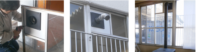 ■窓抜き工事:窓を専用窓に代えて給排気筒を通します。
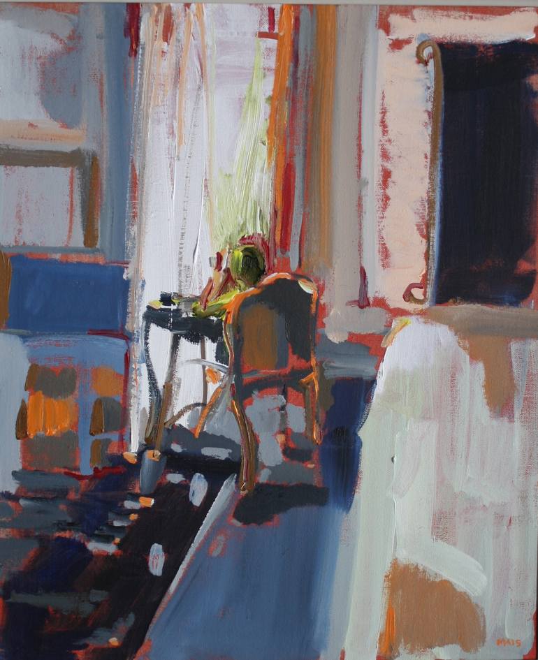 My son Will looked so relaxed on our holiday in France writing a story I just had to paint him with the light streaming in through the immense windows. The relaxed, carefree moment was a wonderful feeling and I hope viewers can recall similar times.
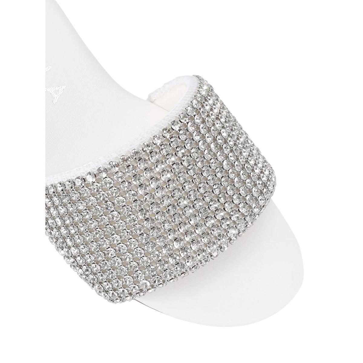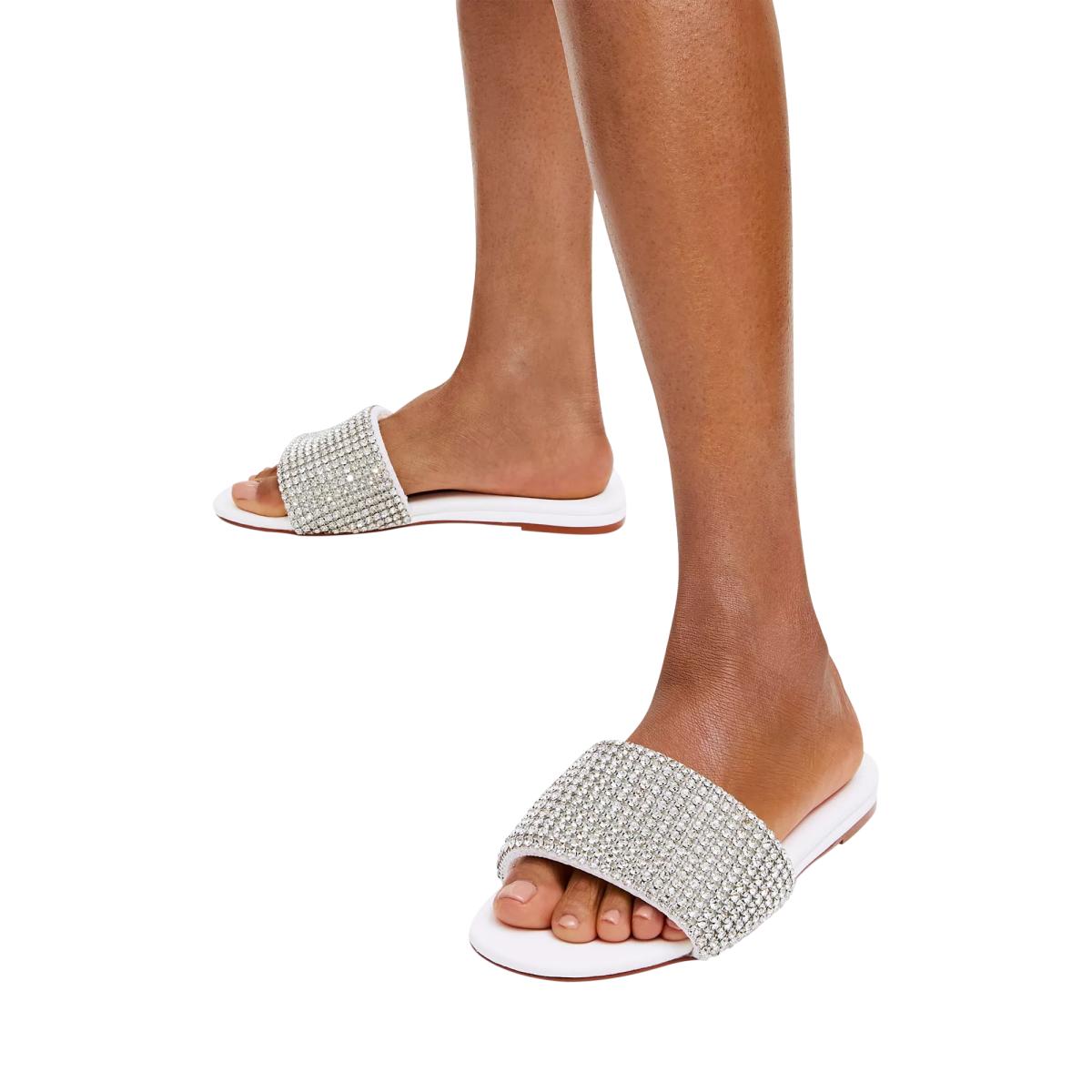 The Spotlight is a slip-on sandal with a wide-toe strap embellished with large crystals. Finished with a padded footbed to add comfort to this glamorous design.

------------------------------------------------------------

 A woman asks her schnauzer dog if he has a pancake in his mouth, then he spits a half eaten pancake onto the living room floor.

------------------------------------------------------------

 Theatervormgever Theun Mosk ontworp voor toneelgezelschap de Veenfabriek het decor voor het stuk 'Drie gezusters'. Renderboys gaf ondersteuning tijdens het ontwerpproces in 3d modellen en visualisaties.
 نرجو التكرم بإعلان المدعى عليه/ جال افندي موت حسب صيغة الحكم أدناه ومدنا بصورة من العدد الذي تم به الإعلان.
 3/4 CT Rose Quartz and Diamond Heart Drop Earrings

------------------------------------------------------------

Activity:
What do the lines above say from the one containing "Theatervormgever Theun Mosk" down to the one containing "3/4 CT Rose"? Return them exactly, both end lines included, and only them.

Reply to the task:
 Theatervormgever Theun Mosk ontworp voor toneelgezelschap de Veenfabriek het decor voor het stuk 'Drie gezusters'. Renderboys gaf ondersteuning tijdens het ontwerpproces in 3d modellen en visualisaties.
 نرجو التكرم بإعلان المدعى عليه/ جال افندي موت حسب صيغة الحكم أدناه ومدنا بصورة من العدد الذي تم به الإعلان.
 3/4 CT Rose Quartz and Diamond Heart Drop Earrings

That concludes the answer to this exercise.